* _Problem details_
Could you write out exactly, and only, the lines from the one containing "点击my.ini修改文件,第63行,改完后保存并重启MySQL" through the last line of the data, leaving out all pictures?

* _Dataset records_
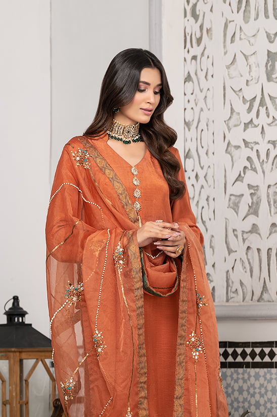 A glorious ochre canvas is set off in ’Mah e rosh’ featuring raw silk suit. Complimented by our plush heavily hand work embellished Dupptta with artsy Suzani Pearls, Sitara and French Knot details beautifully adorned with Ayesha Kiran’s quintessential artisanal handwork art and jamawar finishing in dupatta and suit, this design defines true flamboyance and an easy elegance which makes this the perfect look for any time of the day.
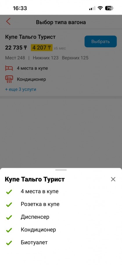 В разделе «Путешествия» приложения «Kaspi» корреспонденты «НК» обнаружили, что билеты можно купить уже сейчас – на 18 декабря. Стоимость поездки – 22 735 тенге.
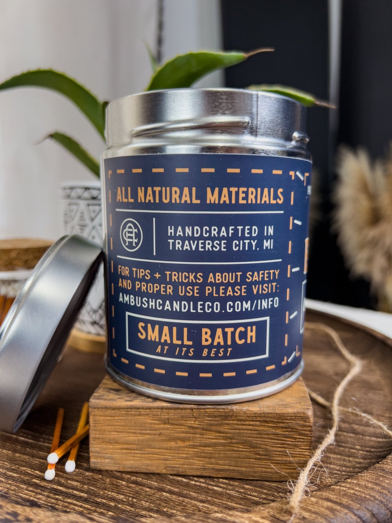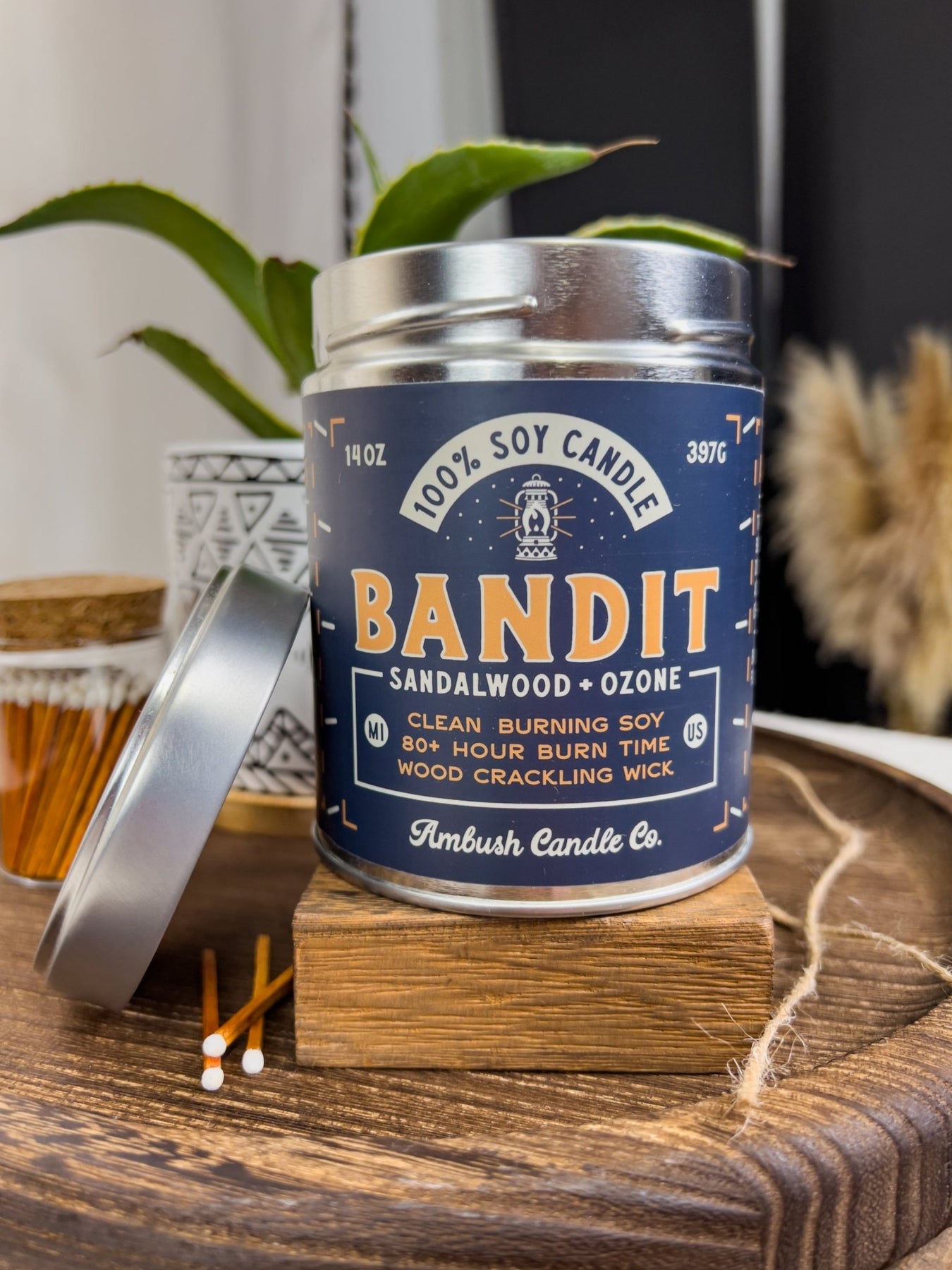 Experience luxury and warmth with our Sultry Bandit Soy Candle. Made with high-quality materials and sustainably sourced ingredients, this candle features notes of sandalwood, ozone, and leather to create an 80+ hour burn time. Embrace the enchanting scent and clean burn of an American-made product.
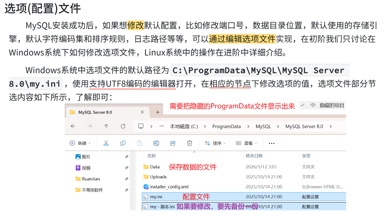 点击my.ini修改文件,第63行,改完后保存并重启MySQL
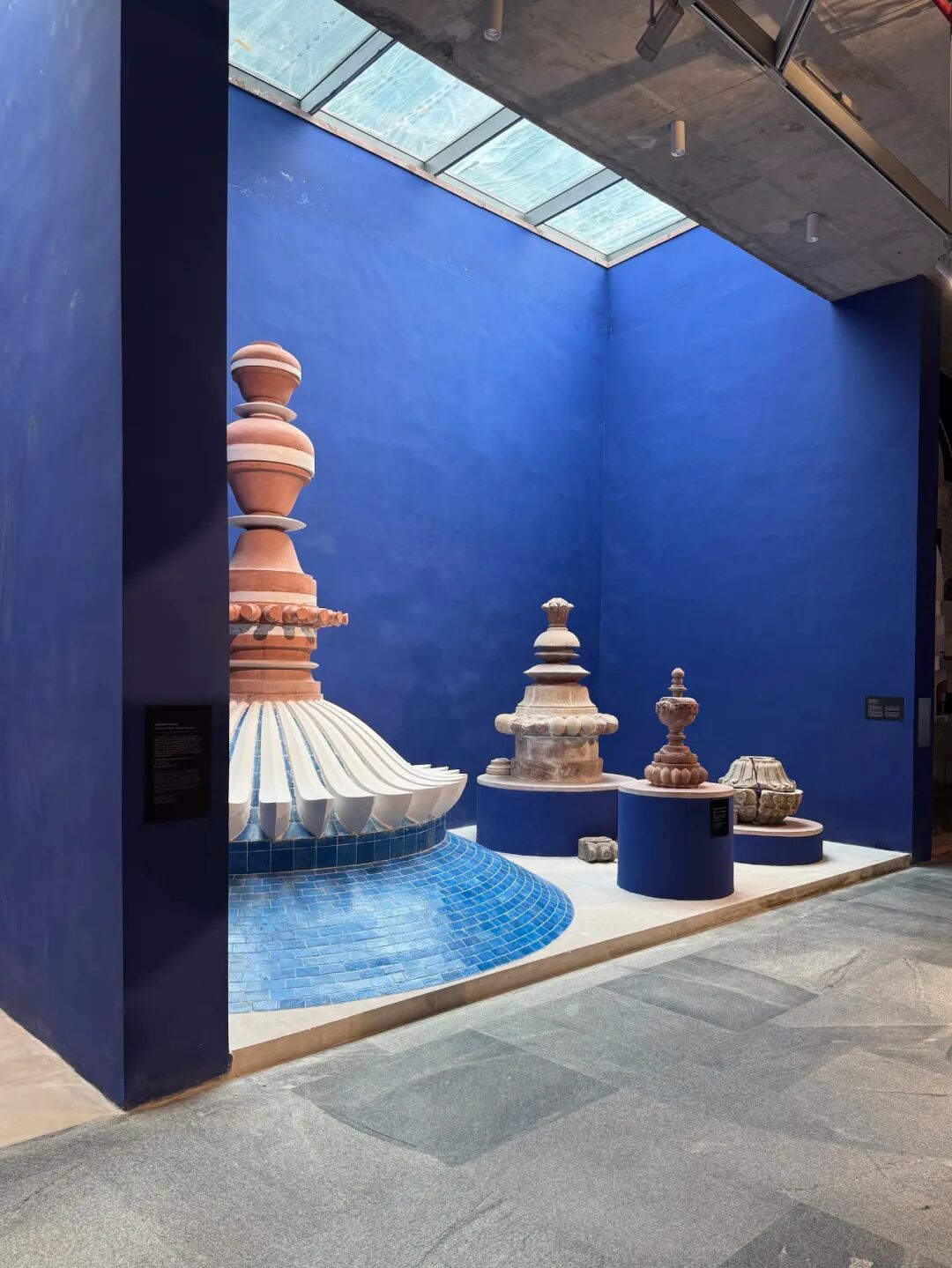 毗邻永久展厅的顶饰展厅将展出修复后的胡马雍陵铜质顶饰,以及 1997 年以来在胡马雍陵建筑群保护工作中发现的其他原始建筑元素。铜顶饰展厅通向第二个前厅展厅,该展厅位于巽他苗圃长廊的中轴线上。这个空间以其中心的一根柱子为标志,提供了通往胡马雍陵或通往巽他苗圃的选择。在每种情况下,游客从地下到地面的重新出现在空间上都是截然不同的。通往孙达尔苗圃的长廊和坡道采用了莫卧儿王朝珍视的主题--水的建筑。当游客从门厅长廊出来时,水的气息和声音扑面而来。当他们登上孙达尔苗圃的凉亭时,一个扇形喷泉(ëchinikhanaí)为他们进入园林领域提供了一个凉爽而受欢迎的门槛。对于前往胡马雍陵的游客来说,在大树树冠下雕刻的长庭斜坡花园是进入胡马雍陵围墙院落的出口。
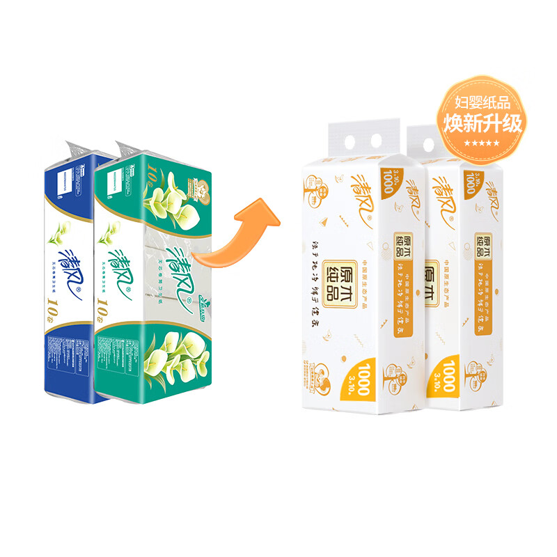 清风原木纯品金装抽纸3层130抽面巾纸8提48包纸抽整箱
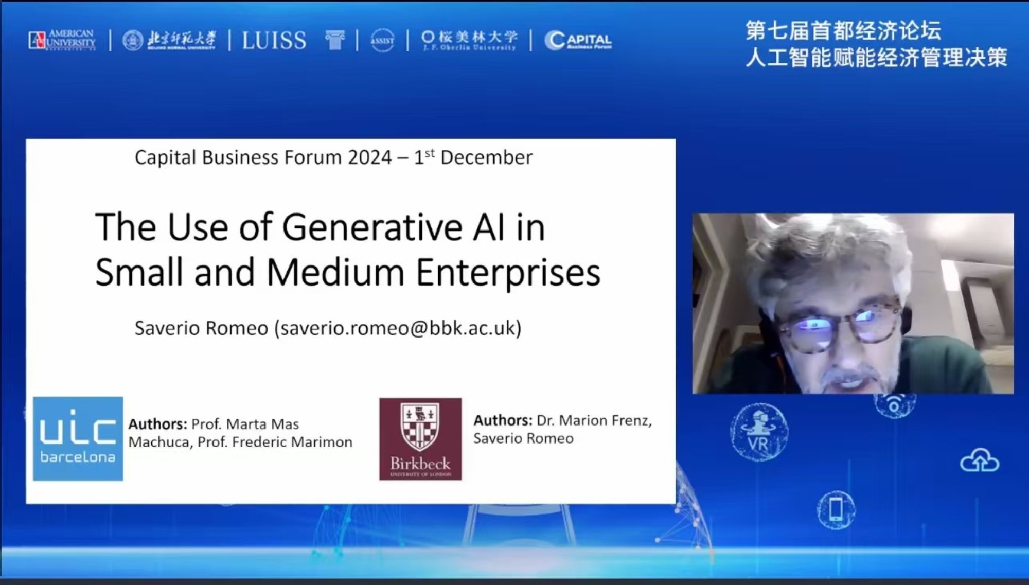 伦敦大学贝克学院高级讲师萨维里奥·罗密欧以“The Use of Generative AI in Small Businesses”为题,从研究背景、样本描述与分析,以及结论等几方面展开讨论。他指出,生成式人工智能工具已经成为日常工作生活中的一部分,生成式人工智能的应用使得员工的绩效得到了改善。
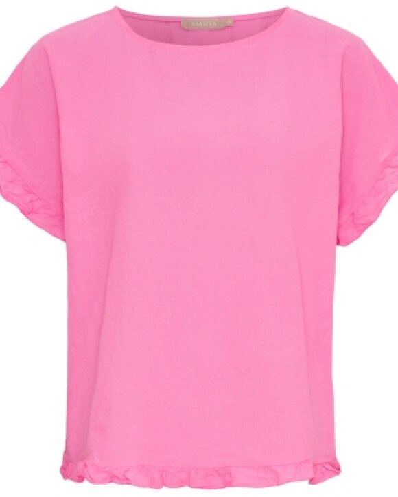 Top 86493 fra Marta Du Chateau i fuxia. Skøn og nem top med rund hals, kort ærme med flæse og lille fin flæse detalje forneden. Nem top der passer til det hele.

* _Finished task_
 点击my.ini修改文件,第63行,改完后保存并重启MySQL
 毗邻永久展厅的顶饰展厅将展出修复后的胡马雍陵铜质顶饰,以及 1997 年以来在胡马雍陵建筑群保护工作中发现的其他原始建筑元素。铜顶饰展厅通向第二个前厅展厅,该展厅位于巽他苗圃长廊的中轴线上。这个空间以其中心的一根柱子为标志,提供了通往胡马雍陵或通往巽他苗圃的选择。在每种情况下,游客从地下到地面的重新出现在空间上都是截然不同的。通往孙达尔苗圃的长廊和坡道采用了莫卧儿王朝珍视的主题--水的建筑。当游客从门厅长廊出来时,水的气息和声音扑面而来。当他们登上孙达尔苗圃的凉亭时,一个扇形喷泉(ëchinikhanaí)为他们进入园林领域提供了一个凉爽而受欢迎的门槛。对于前往胡马雍陵的游客来说,在大树树冠下雕刻的长庭斜坡花园是进入胡马雍陵围墙院落的出口。
 清风原木纯品金装抽纸3层130抽面巾纸8提48包纸抽整箱
 伦敦大学贝克学院高级讲师萨维里奥·罗密欧以“The Use of Generative AI in Small Businesses”为题,从研究背景、样本描述与分析,以及结论等几方面展开讨论。他指出,生成式人工智能工具已经成为日常工作生活中的一部分,生成式人工智能的应用使得员工的绩效得到了改善。
 Top 86493 fra Marta Du Chateau i fuxia. Skøn og nem top med rund hals, kort ærme med flæse og lille fin flæse detalje forneden. Nem top der passer til det hele.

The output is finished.